Urge Congress To Support Free To Choose Medicine
My name is Vincent Galbiati. Last year with the guidance of my advisors and board of directors, I started a nonprofit called Tomorrow’s Cures Today. Our objective is to promote a national agenda for speeding the discovery of medical cures and communicate the importance of restructuring the way therapeutic drugs are developed, tested and delivered.
We did this because of heart rending stories like Jenn McNary’s.
Jenn is the mother of two boys diagnosed with Duchenne muscular dystrophy, the most lethal genetic disorder among children. It slowly weakens a patient’s muscles, leading to paralysis and early death. Until recently, there was no cure. But now there is some hope. Jenn’s younger son Max was accepted into a clinical trial, where he received Eteplirsen, a new drug being tested to stop the progression of the disease. Her older son Austin, however, was not accepted into the trial and, because of Food and Drug Administration rules, was denied the right to use the same drug. Max is now walking, leading a normal life, while his brother is confined to a wheelchair and continues to deteriorate. During an interview, Jenn stated the painfully obvious—“Both my sons deserve to live.”
She’s right. No one should have to endure her nightmare.
Austin wasn’t allowed to participate in a “randomized clinical trial” because the stage of his disease was more advanced than the other participants. But that’s how trials have to be run in order to satisfy the FDA. And this problem shows why many patients are demanding an alternative to the FDA’s single, isolated and protected drug approval system.
Tomorrow’s Cures Today is now petitioning Congress to create a new drug development and testing system—one that would allow Austin and thousands of patients like him to try not-yet-approved drugs in a more open and transparent process, and which could result in approvals based on what’s learned from these observations of treatment outcomes for patients with widely varying health conditions. We call this new system, Free To Choose Medicine.
There are three key principles to Free To Choose Medicine.

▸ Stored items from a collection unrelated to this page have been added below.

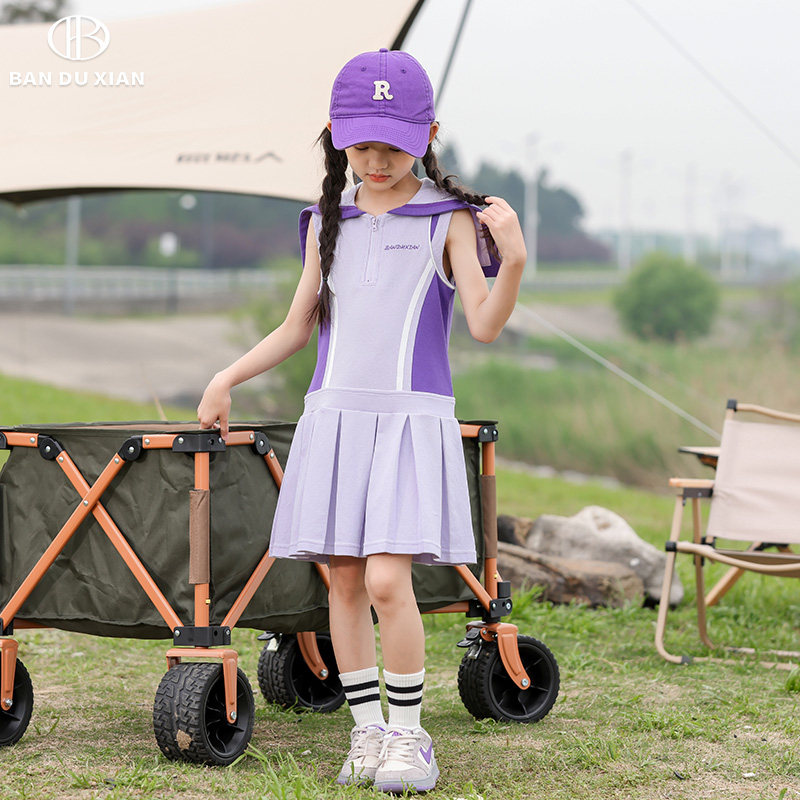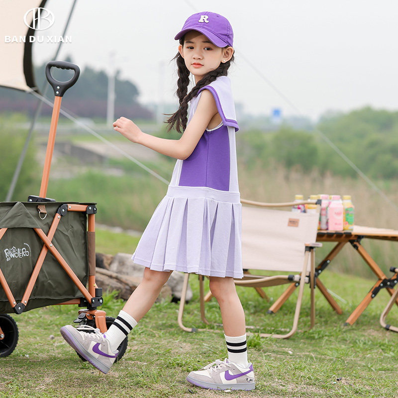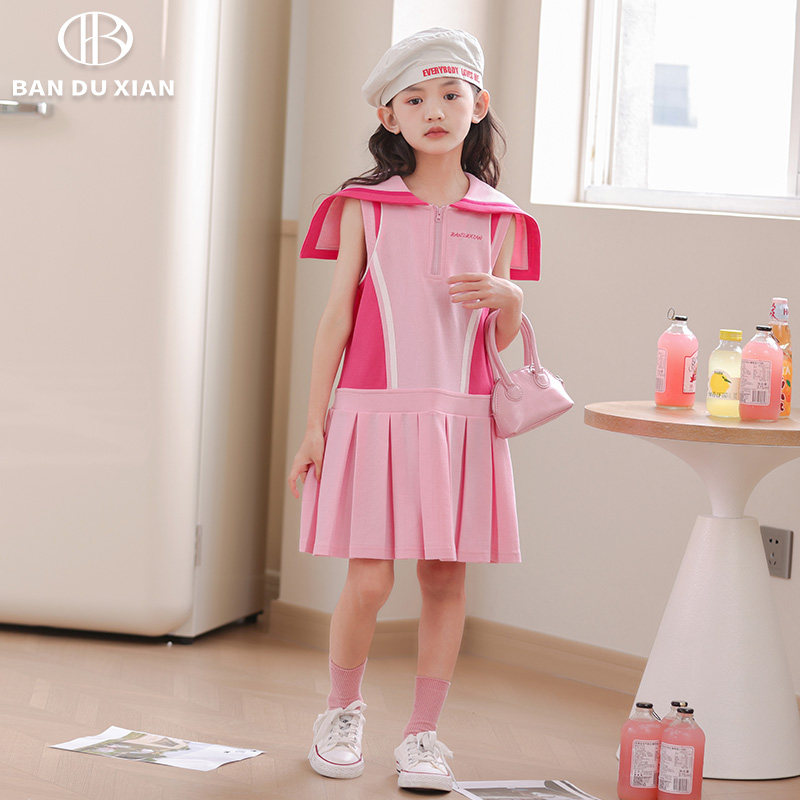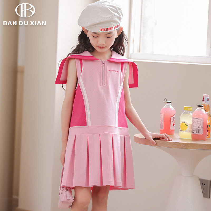 半度闲童装亲子装女童夏装无袖连衣裙中大童
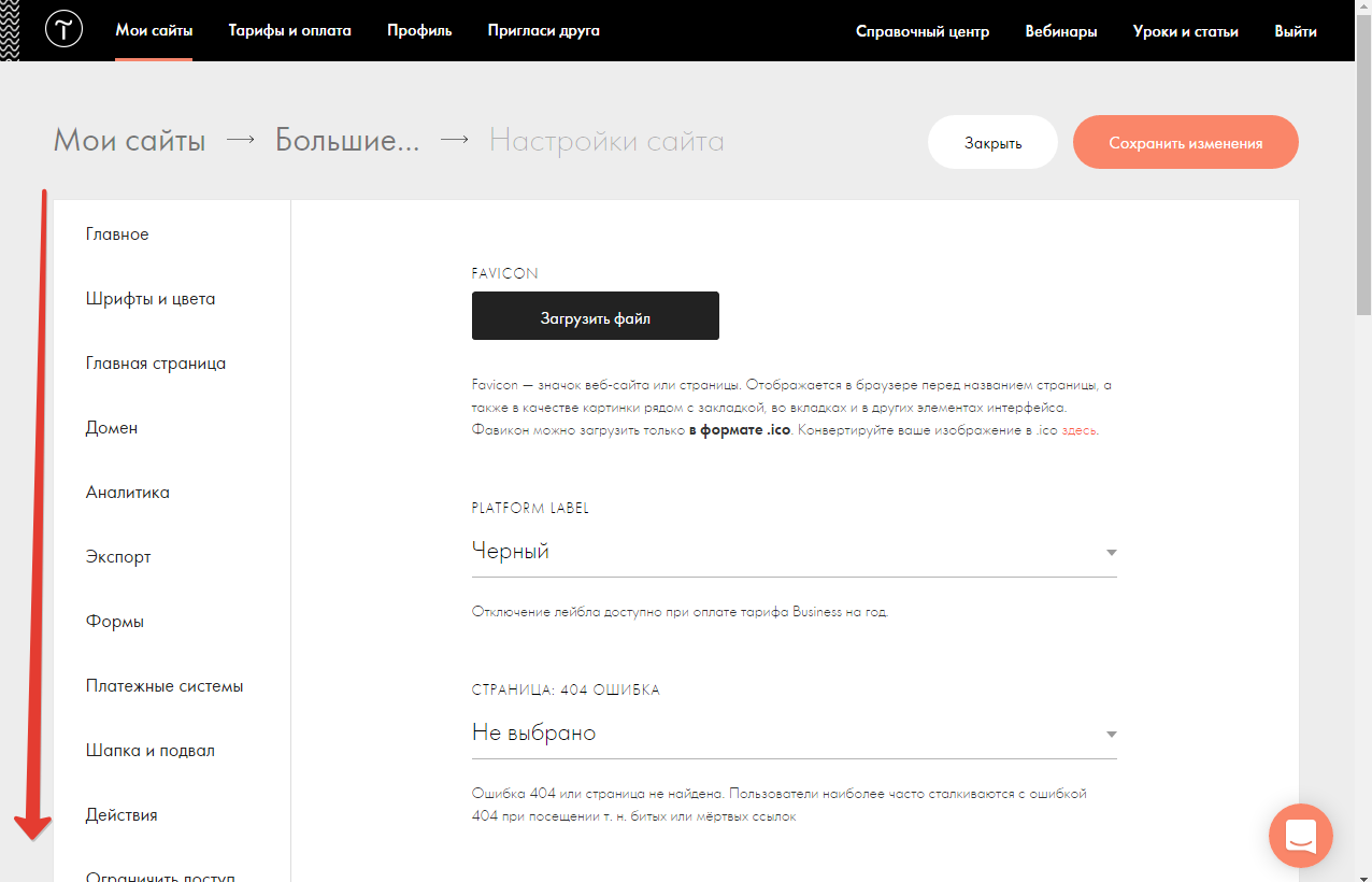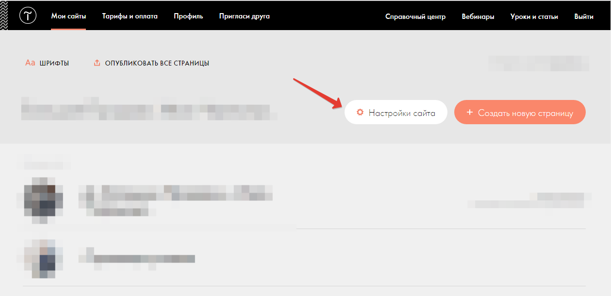 Нужно нажать на шестернку «Настройки сайта»
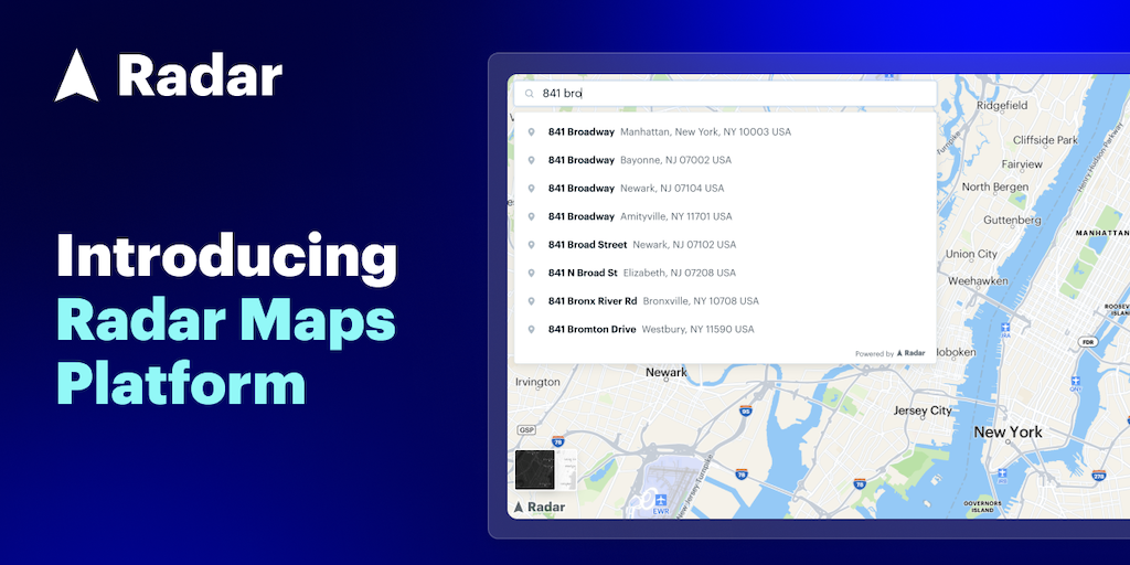 Radar Maps Platform is a cost-effective solution for geocoding APIs, search APIs, routing APIs, and base maps. Together with our Geofencing Platform, Radar provides full-stack location infrastructure
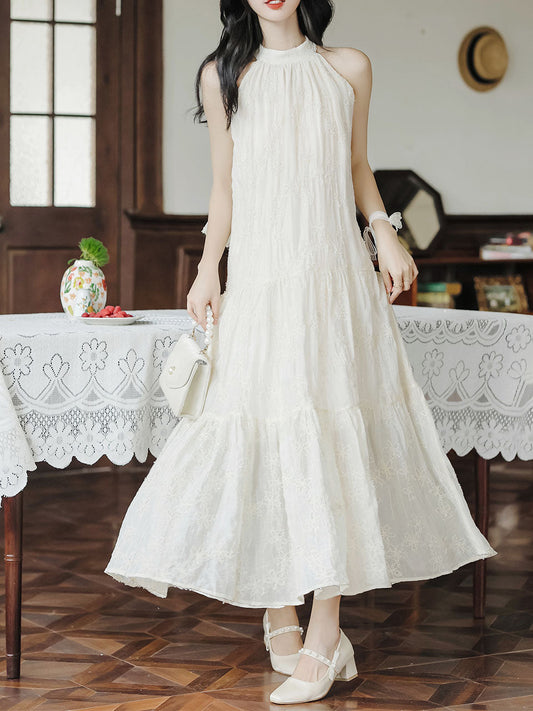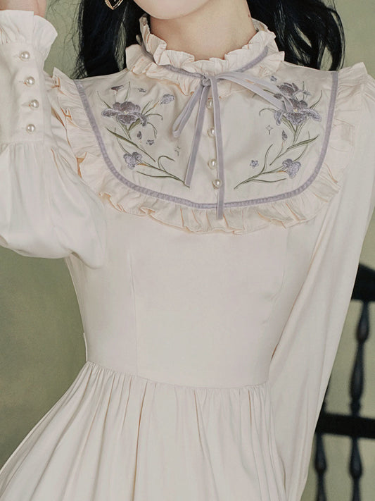 White Peter Pan Collar Long Sleeve Vintage Embroidered Cottagecore Cotton Dress

1. Some patients and their doctors only want medicines tested and approved in the traditional way, and for them nothing would change. But others are not just willing, but eager to try not-yet-approved drugs. They should not be denied the right to choose a viable medical treatment. So, after safety testing is completed, patients should be free to choose a not-yet-approved drug if its developer is willing to make that drug available. After all, patients, under care of their physicians, and with access to detailed reports describing all prior test results, are in a better position than government bureaucrats to decide whether the risks are worth bearing.
2. To ensure patients are fully informed, developers offering not-yet-approved drugs on the Free To Choose Medicine track would have to make all prior testing data available in a publicly accessible online database. And every patient taking a Free To Choose drug would have to agree to let his or her doctor submit reports on an anonymous basis about their progress and any side effects. This “observational data” collected from real world use would provide valuable information to patients and let them make informed and meaningful choices.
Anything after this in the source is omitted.